What to work on -> After locating the line that contains "Liner CENTROPEN 4611", give that line and all the rest through the end of the entries again exactly, leaving the pictures out.

Data supplied ->
________________________
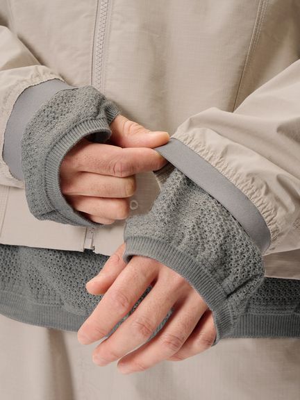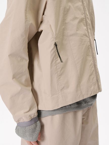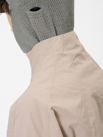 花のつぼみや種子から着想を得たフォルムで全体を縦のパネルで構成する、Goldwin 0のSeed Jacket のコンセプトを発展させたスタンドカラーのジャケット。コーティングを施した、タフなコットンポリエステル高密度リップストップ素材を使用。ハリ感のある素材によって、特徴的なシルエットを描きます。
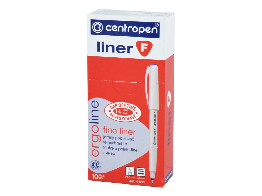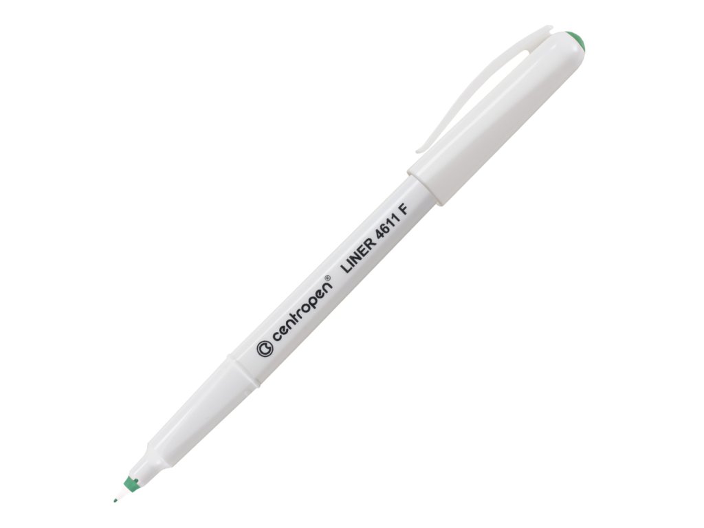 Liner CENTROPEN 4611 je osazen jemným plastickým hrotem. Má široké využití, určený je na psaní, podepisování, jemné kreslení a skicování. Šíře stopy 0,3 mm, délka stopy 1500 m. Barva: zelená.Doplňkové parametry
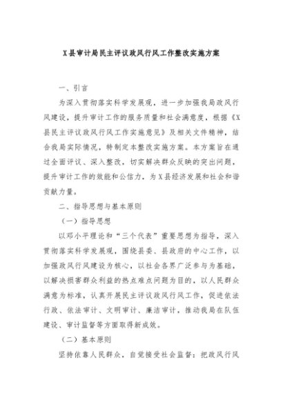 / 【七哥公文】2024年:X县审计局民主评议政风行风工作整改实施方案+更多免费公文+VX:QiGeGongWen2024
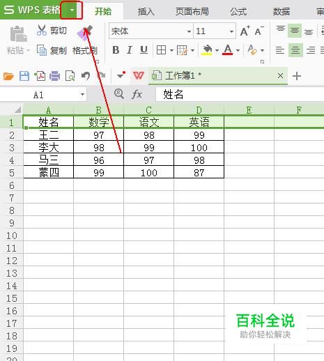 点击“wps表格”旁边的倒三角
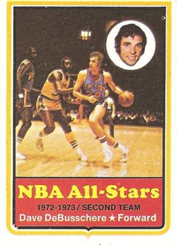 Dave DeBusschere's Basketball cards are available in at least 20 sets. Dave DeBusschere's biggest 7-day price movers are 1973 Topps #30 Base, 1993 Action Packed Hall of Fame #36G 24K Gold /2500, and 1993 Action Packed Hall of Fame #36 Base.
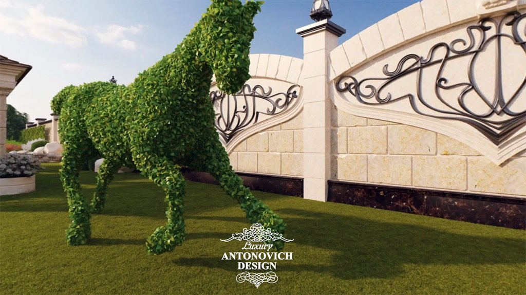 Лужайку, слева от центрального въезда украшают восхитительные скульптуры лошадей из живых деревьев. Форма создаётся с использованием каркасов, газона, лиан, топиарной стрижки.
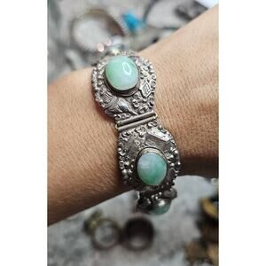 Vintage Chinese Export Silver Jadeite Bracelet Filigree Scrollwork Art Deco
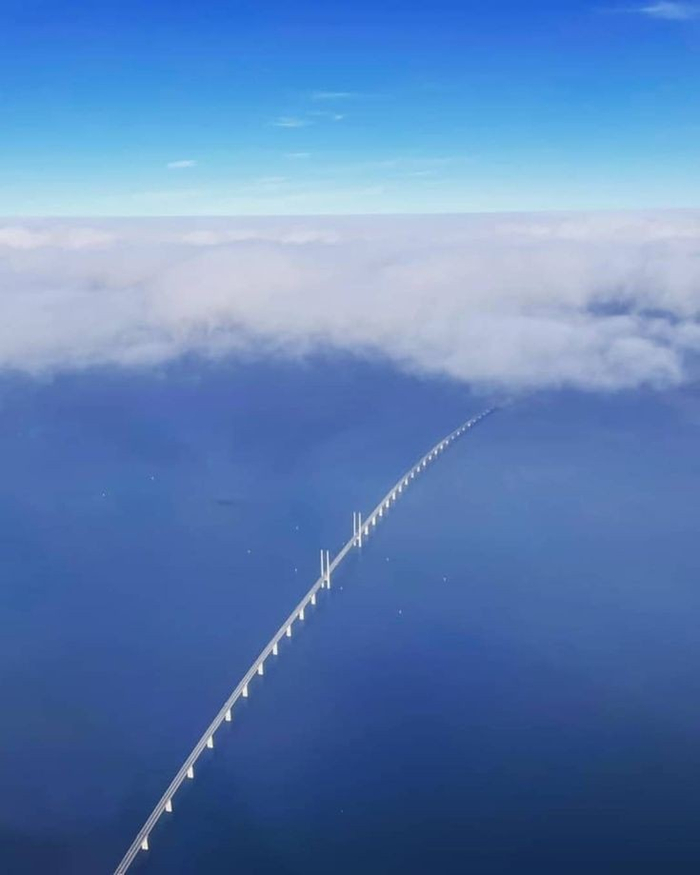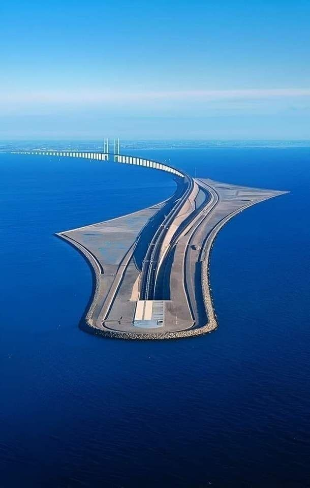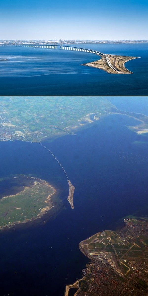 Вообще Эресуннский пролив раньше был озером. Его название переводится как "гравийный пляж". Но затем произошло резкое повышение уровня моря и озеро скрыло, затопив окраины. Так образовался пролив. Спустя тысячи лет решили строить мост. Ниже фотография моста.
________________________
Exercise result ->
 Liner CENTROPEN 4611 je osazen jemným plastickým hrotem. Má široké využití, určený je na psaní, podepisování, jemné kreslení a skicování. Šíře stopy 0,3 mm, délka stopy 1500 m. Barva: zelená.Doplňkové parametry
 / 【七哥公文】2024年:X县审计局民主评议政风行风工作整改实施方案+更多免费公文+VX:QiGeGongWen2024
 点击“wps表格”旁边的倒三角
 Dave DeBusschere's Basketball cards are available in at least 20 sets. Dave DeBusschere's biggest 7-day price movers are 1973 Topps #30 Base, 1993 Action Packed Hall of Fame #36G 24K Gold /2500, and 1993 Action Packed Hall of Fame #36 Base.
 Лужайку, слева от центрального въезда украшают восхитительные скульптуры лошадей из живых деревьев. Форма создаётся с использованием каркасов, газона, лиан, топиарной стрижки.
 Vintage Chinese Export Silver Jadeite Bracelet Filigree Scrollwork Art Deco
 Вообще Эресуннский пролив раньше был озером. Его название переводится как "гравийный пляж". Но затем произошло резкое повышение уровня моря и озеро скрыло, затопив окраины. Так образовался пролив. Спустя тысячи лет решили строить мост. Ниже фотография моста.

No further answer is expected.